Recently, Apple released OpenELM with four variants (parameters are 270M, 450M, 1.1B and 3B respectively), which is a series of pre-training and fine-tuning models based on public data sets. The core of OpenELM is layer-by-layer scaling, that is, each Transformer layer in OpenELM has a different configuration (for example, the number of heads and the dimension of feedforward network), which leads to the different number of parameters in each layer of the model, thus achieving more effective cross-layer parameter allocation.

It is worth mentioning that Apple released a complete framework this time, including data preparation, training, fine-tuning and evaluation procedures, as well as a number of pre-trained checkpoint and training logs to promote open source research.

Address: https://arxiv.org/pdf/2404.14619.pdf.

Project address: https://github.com/apple/corenet.

Paper title: open elm: an efficient language model family with open-source training and influence framework.

The results show that the performance of OpenELM is better than the existing open source LLM which is pre-trained with public data sets (Table 1). For example, OpenELM with 1.1 billion parameters outperforms OLMo.

Method introduction

OpenELM architecture

OpenELM adopts transformer architecture with only decoder, and follows the following ways:

(1) Do not use learnable deviation parameters in any fully connected (also called linear) layer;

(2) using RMSNorm for pre-standardization, and rotating position ROPE is used to encode position information;

(3) Use grouped query attention (GQA) instead of multi-head attention (MHA);

(4) replace the feedforward network (FFN) with SwiGLU FFN;

(5) using flash attention to calculate the scalable dot product attention;

(6) Use the same tokenizer as LLama.

Generally speaking, each transformer layer in LLM uses the same configuration, thus realizing the uniform distribution of cross-layer parameters. Different from these models, each Transformer layer in OpenELM has a different configuration (for example, the number of heads and the dimension of feedforward network), which leads to different parameters in each layer of the model. This enables OpenELM to make better use of the available parameter budget to achieve higher accuracy. Apple uses layer-wise scaling to realize the uneven distribution of cross-layer parameters.

Scaling layer by layer: The standard Transformer layer consists of multi-head attention (MHA) and feedforward network (FFN). In order to solve the problem of uneven distribution of parameters in Transformer layer, Apple adjusted the number of attention heads and FFN multipliers in each Transformer layer.

Apple does this. Suppose that the standard Transformer model with uniform parameter distribution has n layers of transformers, and the input dimension of each layer is d_model. MHA has n_h headers, and the dimension of each header is

, the hidden dimension of FFN is:

Apple introduced two superparameters, α and β, to scale the number of attention heads n_h and m in each layer respectively. For layer I, n_h and m are calculated as:

Pre-training data

For pre-training, Apple uses public data sets.
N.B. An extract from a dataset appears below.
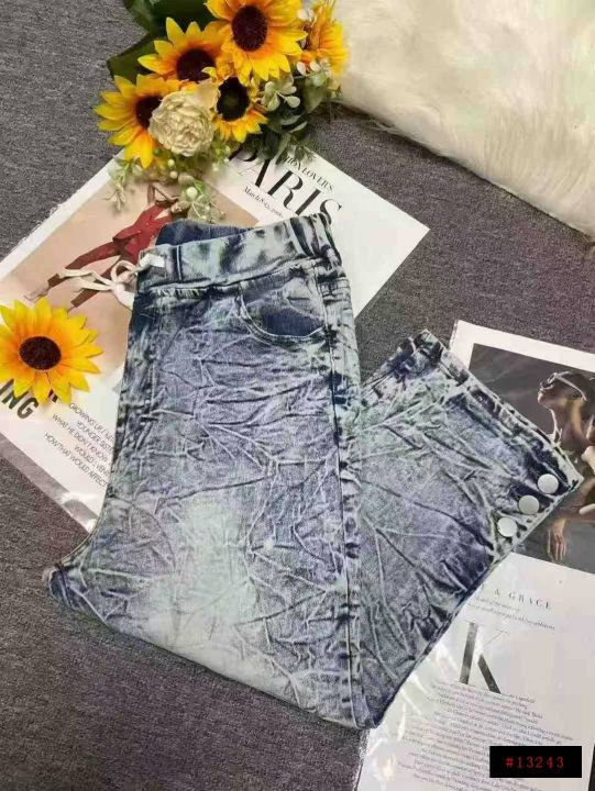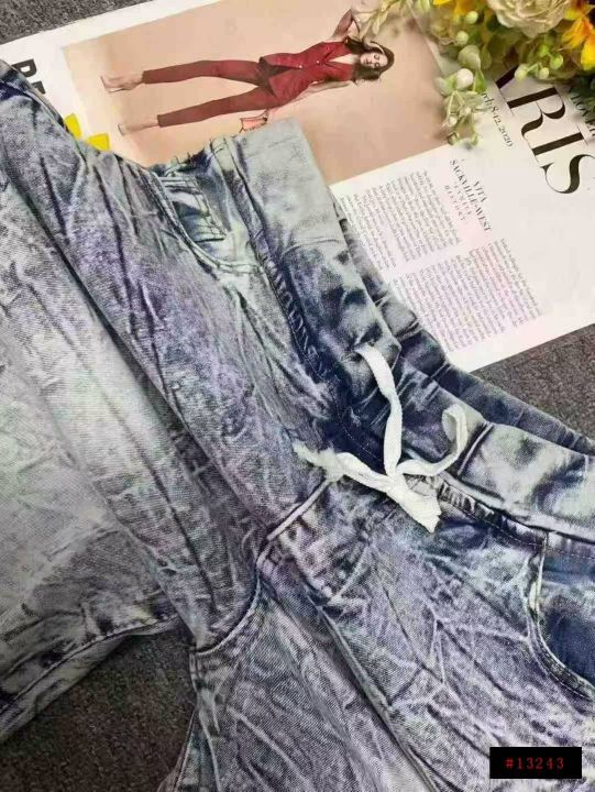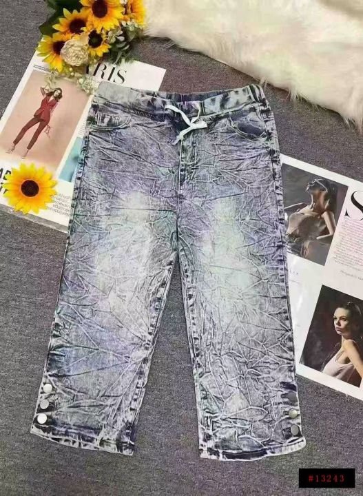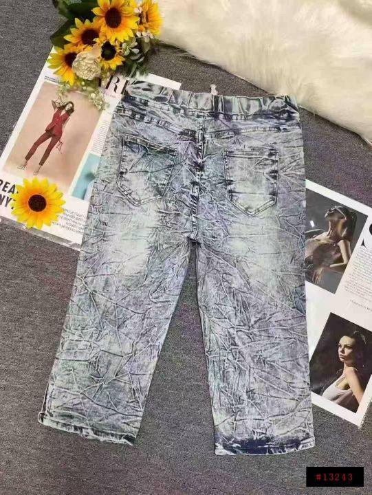 男女同款复古蓝高弹力洗水棉松紧腰牛仔中裤,独立包装,码数M--2XL码,400件左右,全清5.8元超低价秒杀!分货加一!@_@

Specifically, their pre-training data set includes a subset of RefinedWeb, deduplicated PILE, RedPajama and a subset of Dolma v1.6, totaling about 1.8 trillion token. As shown in the following table.

Training details

Apple used its own open source CoreNet library (formerly known as CVNets, specially used for training deep neural networks) to train OpenELM variants, and the training process was iterated for 350,000 times. Finally, four variants of OpenELM are trained (parameters are 270M, 450M, 1.1B and 3B).

experiment

In this paper, the performance of OpenELM is evaluated under zero sample and few sample settings, as shown in Table 3. The researchers compared OpenELM with the published LLM, including PyThia, Cerebras-GPT, TinyLlama, OpenLM, MobiLlama and OLMo. Related to the work of this paper are MobiLlama and OLMo. These models are all trained on similar data sets and have similar or more pre-training token.

Figure 1 plots the accuracy of OpenELM with the number of training iterations on seven standard zero-sample tasks. It can be found that in most tasks, with the extension of training duration, the accuracy will be improved on the whole. In addition, the accuracy of the checkpoints obtained by averaging the last five checkpoints (collected once every 5000 iterations) is equivalent to or slightly improved by the final checkpoints obtained after 350k iterations. This improvement is probably due to the fact that the average weight reduces the noise. Therefore, in the main evaluation in Table 4, the instruction tuning experiment in Table 5 and the parameter efficiency tuning experiment in Table 6, the researchers used the average checkpoint.

The results in Table 4 span various evaluation frameworks, highlighting the effectiveness of OpenELM compared with existing methods. The results in Table 4 span different evaluation frameworks, highlighting the effectiveness of OpenELM compared with existing methods. For example, compared with OLMo with 1.2 billion parameters, the accuracy of OpenELM with 1.1 billion parameters is improved by 1.28% (Table 4a), 2.36% (Table 4b) and 1.72% (Table 4c), respectively. It is worth noting that OpenELM achieved such accuracy, but used much less pre-training data than OLMo.

As shown in Figure 5, in different evaluation frameworks, instruction fine-tuning can always improve the average accuracy of OpenELM by 1-2%.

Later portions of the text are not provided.